> _Dataset_
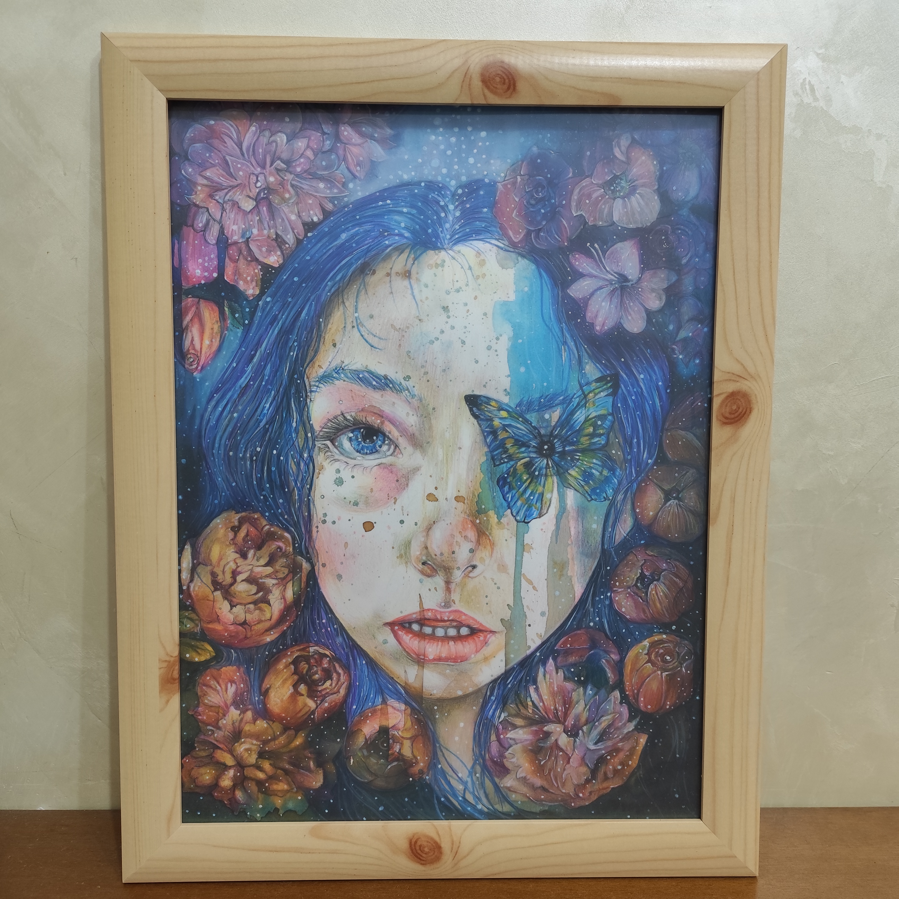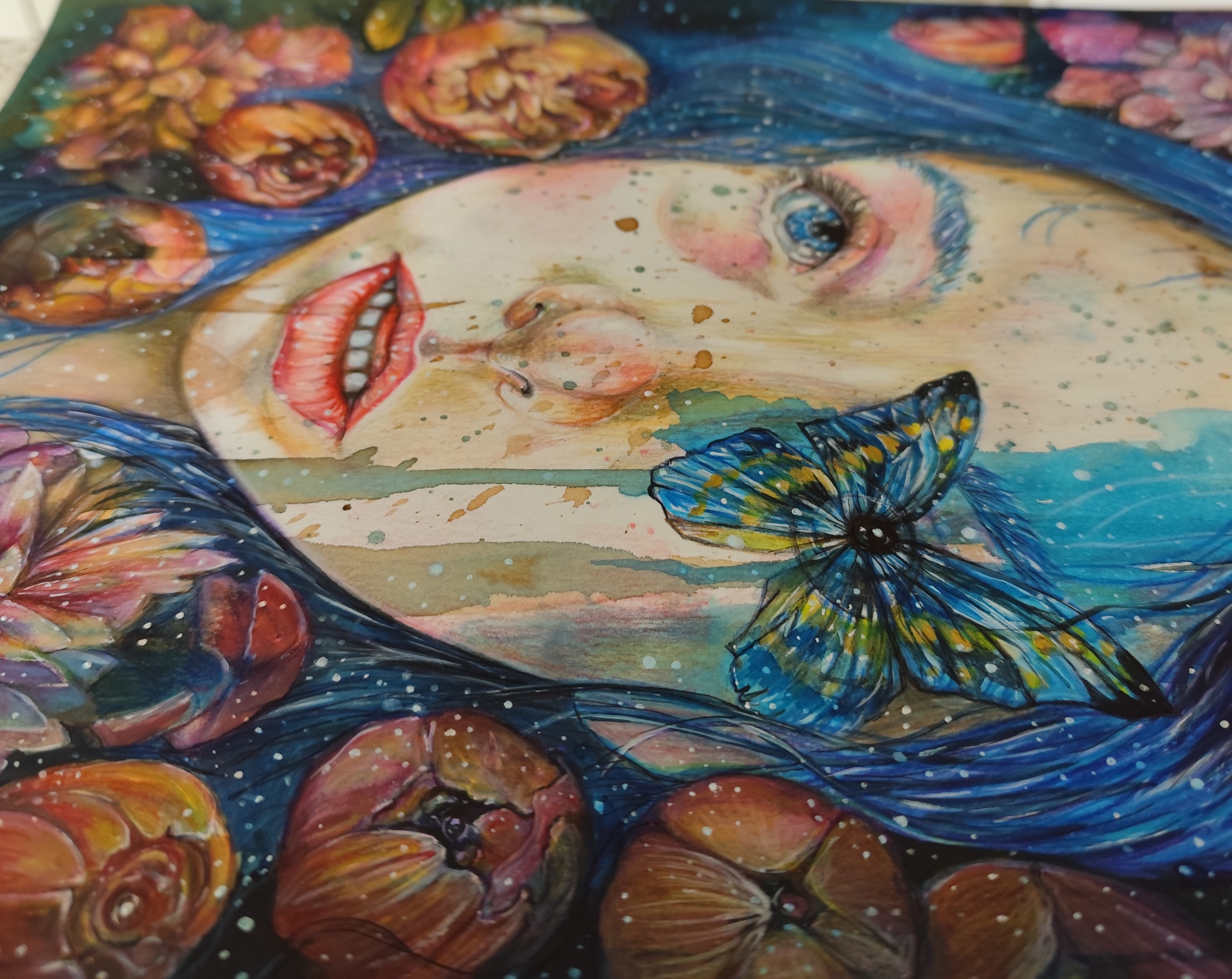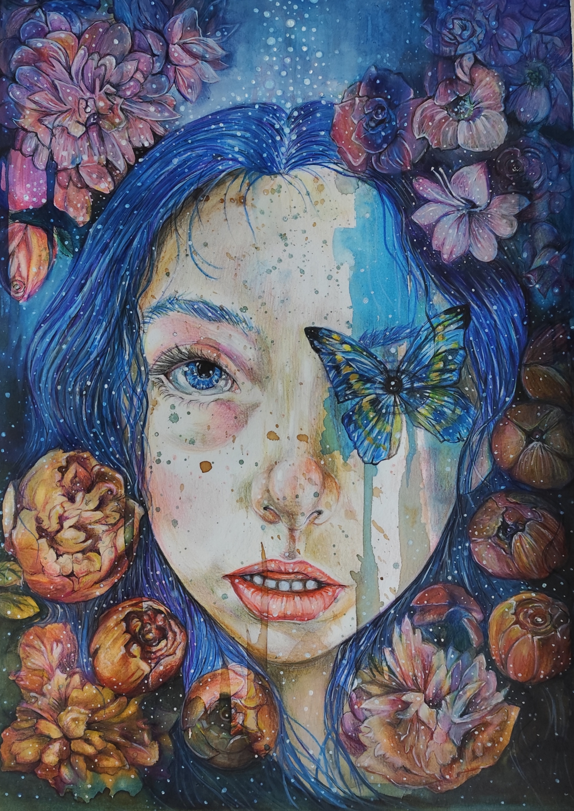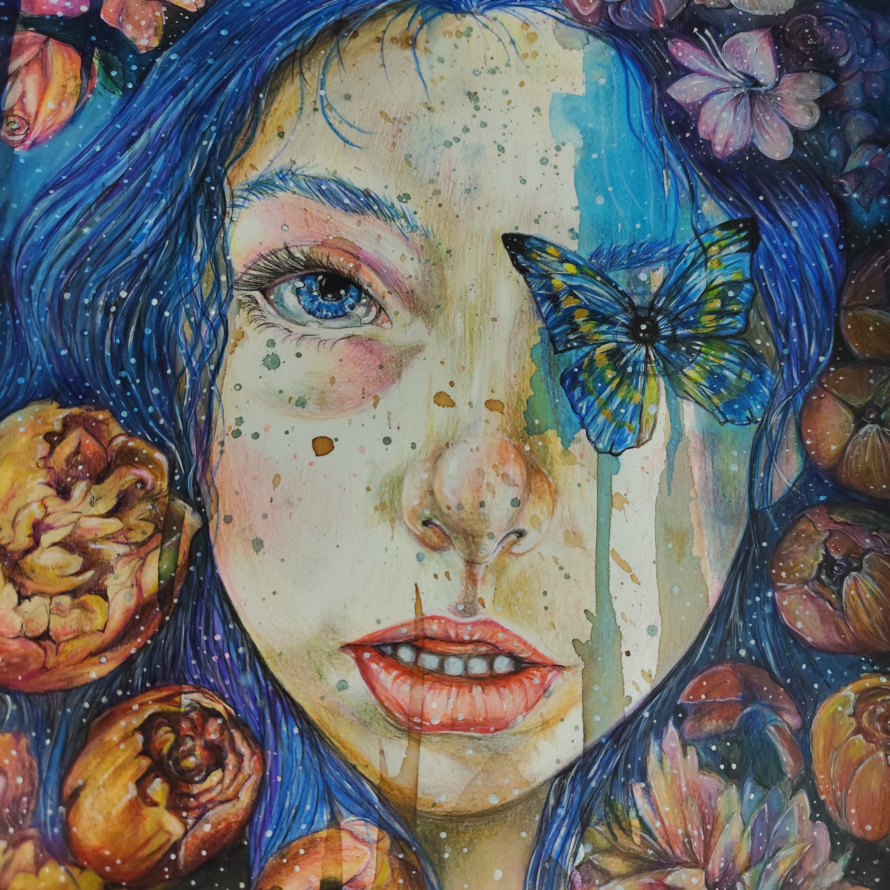 Medium: Mixed media (stain, colored pencils, acrylic, and ink)
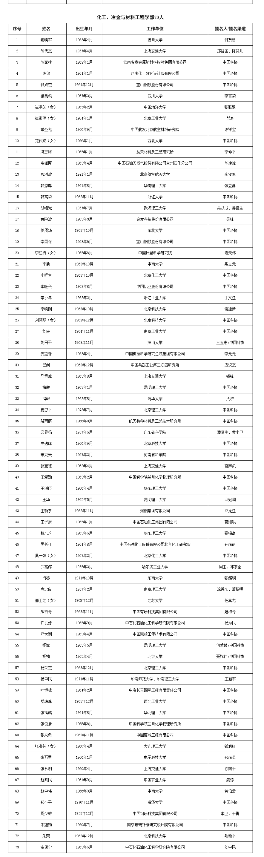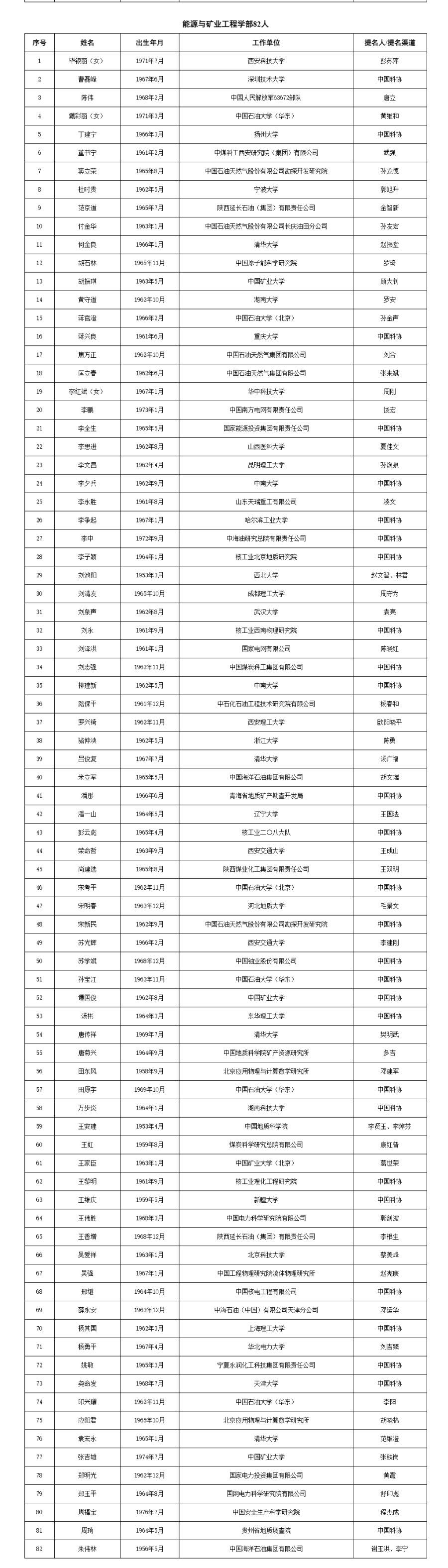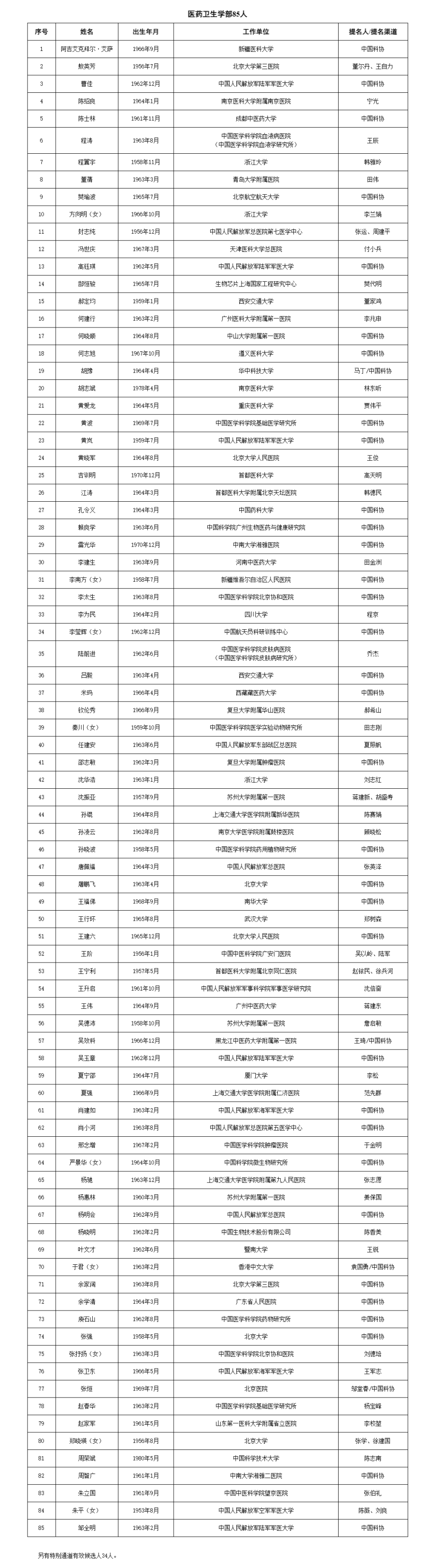 两院院士增选有效候选人完整名单如下:
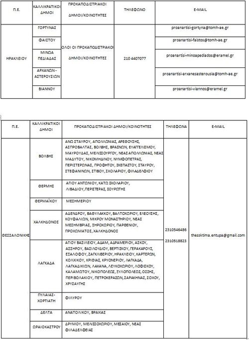 Ακολουθεί λεπτομερής πίνακας με τις περιοχές και τα στοιχεία επικοινωνίας:
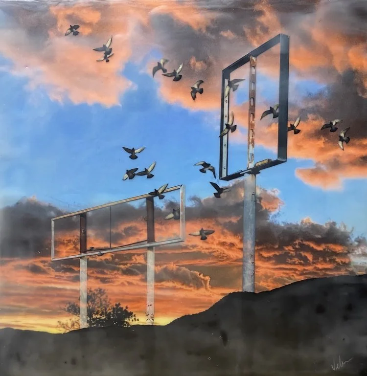 Seeing old signs on the road captures dreams come and gone. The architecture of each one is like a frame in the sky.
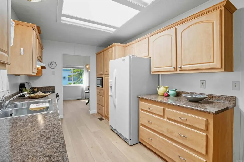 Elegant Coastal Living in Guard-Gated Rancho Carlsbad (55+ Community) Experience refined, low-maintenance living in the highly sought-after Rancho Carlsbad Community. This beautifully updated residence offers a peaceful, resort-style lifestyle just minutes from the coast, premier shopping, dining, and golf. Step inside to discover a thoughtfully upgraded home featuring newer luxury vinyl plank flooring throughout and tasteful tile in the baths and laundry area. The light-filled, open layout is both spacious and easy to navigate—designed for comfort, convenience, and effortless living. The inviting living and dining areas include built-in china cabinetry, perfect for displaying treasured pieces, while the modern kitchen offers generous cabinet space for everyday ease or entertaining guests. Two full bathrooms have been stylishly updated with refined finishes. Offered partially furnished for added convenience. Features & Highlights: Spacious, open-concept floor plan with abundant natural light Updated kitchen with ample storage Two beautifully refreshed full bathrooms Full-size washer & dryer conveniently located inside Private golf cart included for effortless community access Outdoor Living: Enjoy low-maintenance outdoor spaces, including a generous side patio—ideal for morning coffee, quiet afternoons, or evening relaxation. Resort-Style Community Amenities: 24-hour guard-gated security Clubhouse, pool, spa, and fitness center Scenic walking trails Vibrant social calendar and welcoming community atmosphere Ideally located near Carlsbad Village, medical services, fine dining, and convenient I-5 access, this home offers the perfect balance of tranquility and accessibility. Age Requirements: One resident must be 55+, second occupant 45+. Discover why so many choose Rancho Carlsbad for its exceptional lifestyle—where comfort, connection, and coastal elegance come together
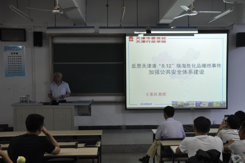 6月8日下午, 天津市委党校王重高教授应邀来校作“反思天津港“8.12”瑞海危化品爆燃事件,加强公共安全体系建设”学术报告。本次报告为经济管理系组织“纪念5.12汶川地震十周年系列报告”之“安全管理能力建设”专题内容。经济管理系公共事业管理专业师生现场聆听了报告。

> _Problem description_
What's needed is a word-for-word retyping of the listing, minus its pictures.

> _Expected output_
 Medium: Mixed media (stain, colored pencils, acrylic, and ink)
 两院院士增选有效候选人完整名单如下:
 Ακολουθεί λεπτομερής πίνακας με τις περιοχές και τα στοιχεία επικοινωνίας:
 Seeing old signs on the road captures dreams come and gone. The architecture of each one is like a frame in the sky.
 Elegant Coastal Living in Guard-Gated Rancho Carlsbad (55+ Community) Experience refined, low-maintenance living in the highly sought-after Rancho Carlsbad Community. This beautifully updated residence offers a peaceful, resort-style lifestyle just minutes from the coast, premier shopping, dining, and golf. Step inside to discover a thoughtfully upgraded home featuring newer luxury vinyl plank flooring throughout and tasteful tile in the baths and laundry area. The light-filled, open layout is both spacious and easy to navigate—designed for comfort, convenience, and effortless living. The inviting living and dining areas include built-in china cabinetry, perfect for displaying treasured pieces, while the modern kitchen offers generous cabinet space for everyday ease or entertaining guests. Two full bathrooms have been stylishly updated with refined finishes. Offered partially furnished for added convenience. Features & Highlights: Spacious, open-concept floor plan with abundant natural light Updated kitchen with ample storage Two beautifully refreshed full bathrooms Full-size washer & dryer conveniently located inside Private golf cart included for effortless community access Outdoor Living: Enjoy low-maintenance outdoor spaces, including a generous side patio—ideal for morning coffee, quiet afternoons, or evening relaxation. Resort-Style Community Amenities: 24-hour guard-gated security Clubhouse, pool, spa, and fitness center Scenic walking trails Vibrant social calendar and welcoming community atmosphere Ideally located near Carlsbad Village, medical services, fine dining, and convenient I-5 access, this home offers the perfect balance of tranquility and accessibility. Age Requirements: One resident must be 55+, second occupant 45+. Discover why so many choose Rancho Carlsbad for its exceptional lifestyle—where comfort, connection, and coastal elegance come together
 6月8日下午, 天津市委党校王重高教授应邀来校作“反思天津港“8.12”瑞海危化品爆燃事件,加强公共安全体系建设”学术报告。本次报告为经济管理系组织“纪念5.12汶川地震十周年系列报告”之“安全管理能力建设”专题内容。经济管理系公共事业管理专业师生现场聆听了报告。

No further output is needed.